Por ese entonces, ya nadie veía papable a Jorge Bergoglio; varios de sus detractores se jactaban de haber frustrado sus chances en 2005, tras la muerte de Juan Pablo II. Su edad, 76 años entonces, también era vista como un impedimento.
Por eso, luego de la fumata blanca, el anuncio de su elección provocó una conmoción mundial. No solo era poco conocido: era el primer Papa americano y el primero jesuita.
Bergoglio cautivó rápidamente a un mundo que hasta entonces ignoraba todo sobre él. Lo hizo con una sucesión de gestos impactantes y con un estilo de comunicación nuevo: un mensaje profundo expresado en lenguaje sencillo y directo. Sus homilías diarias, las audiencias generales de los miércoles en una plaza de San Pedro colmada, una liturgia despojada y un pastor que se dejaba abordar por la gente generaron una sensación de constante cercanía.

Cada gesto suyo contenía un mensaje político. La humildad con la cual se presentó al mundo era un consejo que más de un político haría bien en escuchar: “No hay que creérsela”.

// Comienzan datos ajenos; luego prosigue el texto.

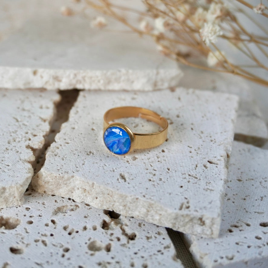 The creative process to craft the unique colour and stone like effect involves a mixture of translucent polymer clay, combined with an array of inks and gold leaf in such a way that achieves a one-of-a-kind finish. Once this is set in the band, this is topped with a resin to really highlight the colour and sparkle!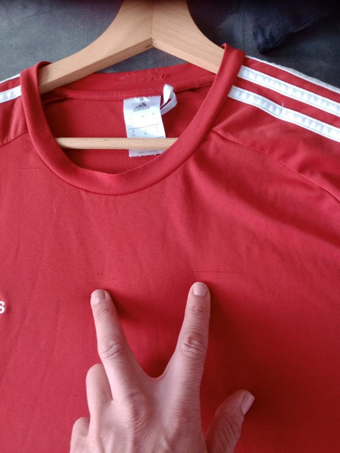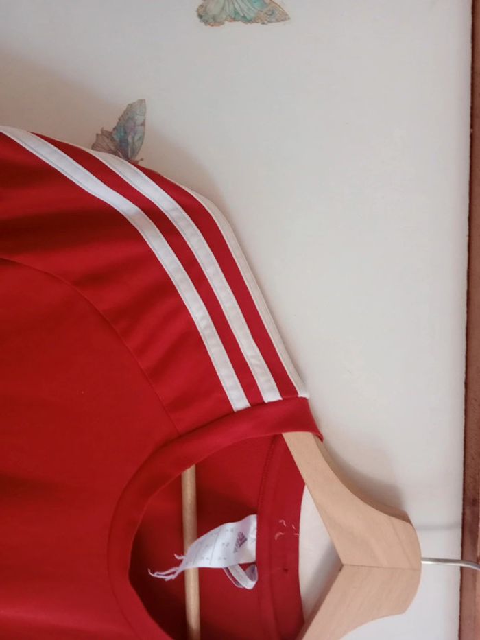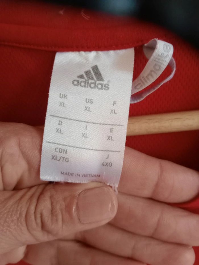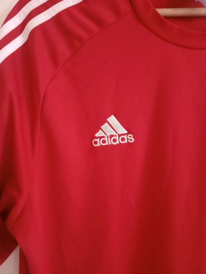 Col rond Intérieur type technique... Logo Adidas à droite, les trois bandes au niveau des épaules Un bandeau blanc dans le bas Quelques petits accrocs que vous pouvez voir sur les quatre dernières photos... Cela reste minime il reste en très bon état... Avec quelques imperfections Longueur 77 cm Aisselle 60 cm #carineleray_homme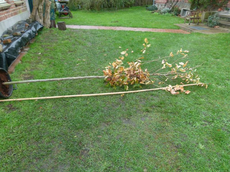 Dankeschön, Gartenplaner. Ich achte darauf, dass es nicht einwächst. Gummiummantelten Draht habe ich natürlich. Von der Baumschule wurde mir interessanterweise ein Streifen T-Shirt-Jersey dafür mitgegeben. Scheint also auch zu funktionieren, das merke ich mir. Der Stab ist nun ja eingekürzt, dann müsste ich den mit einem weiteren, dünneren Stab anlängen.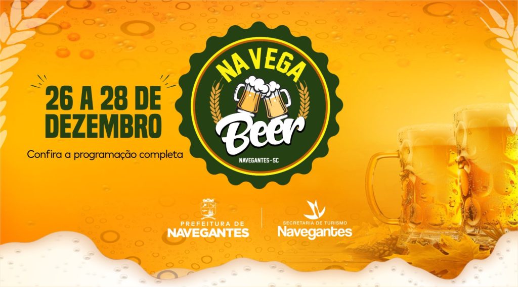 A Prefeitura de Navegantes promove, de 26 a 28 de dezembro, o 3º Festival Cervejeiro “Navega Beer”, que promete movimentar a cidade com uma programação diversificada, reunindo bandas locais e regionais além de opções de culinária e vários tipos de cervejas. A iniciativa integra o calendário de verão do município e busca valorizar a cultura, o entretenimento e o turismo local.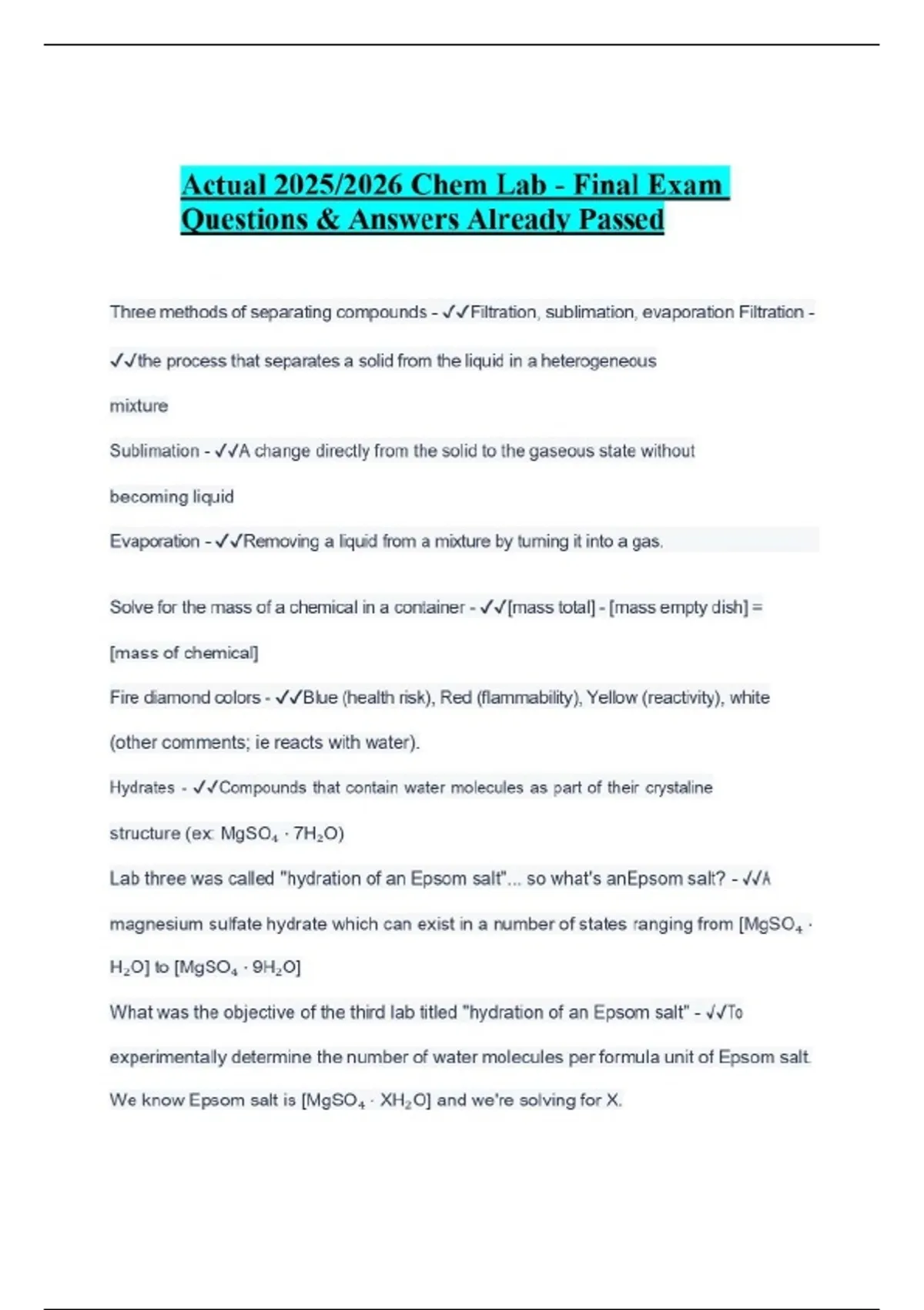 Actual 2025/2026 Chem Lab - Final Exam Questions & Answers Already Passed Three methods of separating compounds - ️️Filtration, sublimation, evaporation Filtration - ️️the process that separates a solid from the liquid in a heterogeneous mixture Sublimation - ️️A change directly from the solid to the gaseous state without becoming liquid Evaporation - ️️Removing a liquid from a mixture by turning it into a gas. Solve for the mass of a chemical in a container - ️️[mass total] - [mass empty dish] = [mass of chemical]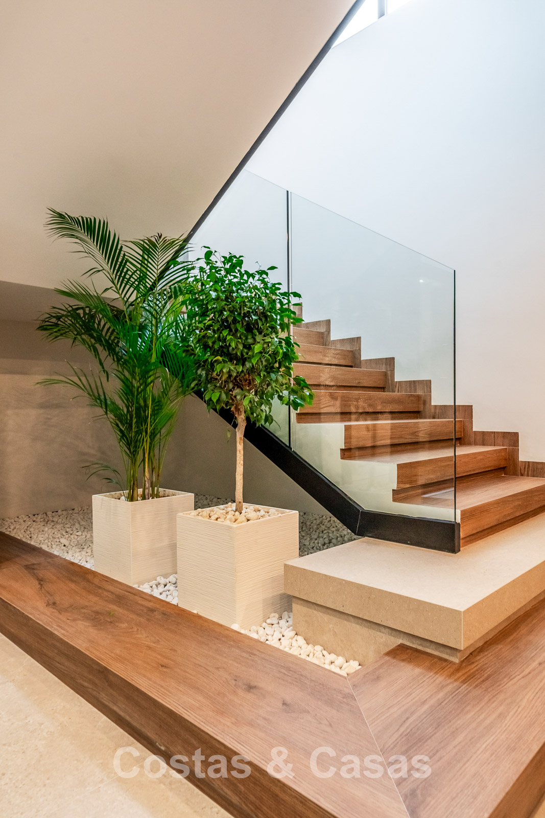 Exclusively located in the highly sought-after, gated community of El Madroñal, in the hills of Benahavis. Here you can enjoy absolute peace and privacy, surrounded by lush nature. Only a 10-minute drive from San Pedro, Puerto Banus and the beautiful beaches. Daily amenities such as groceries, shops, restaurants, bars, a bakery and a butcher are less than a 3-minute drive away. The picturesque mountain village of Benahavis, known as the culinary pearl of the Costa del Sol, is 10 minutes away. Here you will find a wide choice of renowned restaurants, atmospheric tapas bars and cosy bodegas. Golf enthusiasts are also in the perfect place here: the famous golf valley of Nueva Andalucia and the golf courses of Los Arqueros and El Higueral are just a short distance away.

De Lampedusa en 2013 al corazón del África en uno de sus últimos viajes pastorales en enero de 2023, el mundo pudo ver a Francisco hablar en nombre de los refugiados, de los expulsados de sus países por crisis y guerras originadas en decisiones tomadas en las mesas chicas del poder mundial, de los desocupados despojados de la dignidad que da el trabajo, en vigilias de paz, fundido en abrazos interreligiosos, interpelando al G20, al Parlamento europeo o a la ONU, oficiando la misa más multitudinaria de la historia -en Filipinas ante millones de fieles- o tendiendo puentes, como entre Cuba y los Estados Unidos, o a través del mensaje a China, en busca de un acercamiento espiritual y cultural.
Su incansable activismo reflejaba tal vez también la urgencia por transmitir un mensaje, consciente de que su pontificado podía ser breve. El destino, o la Providencia, no lo quiso así.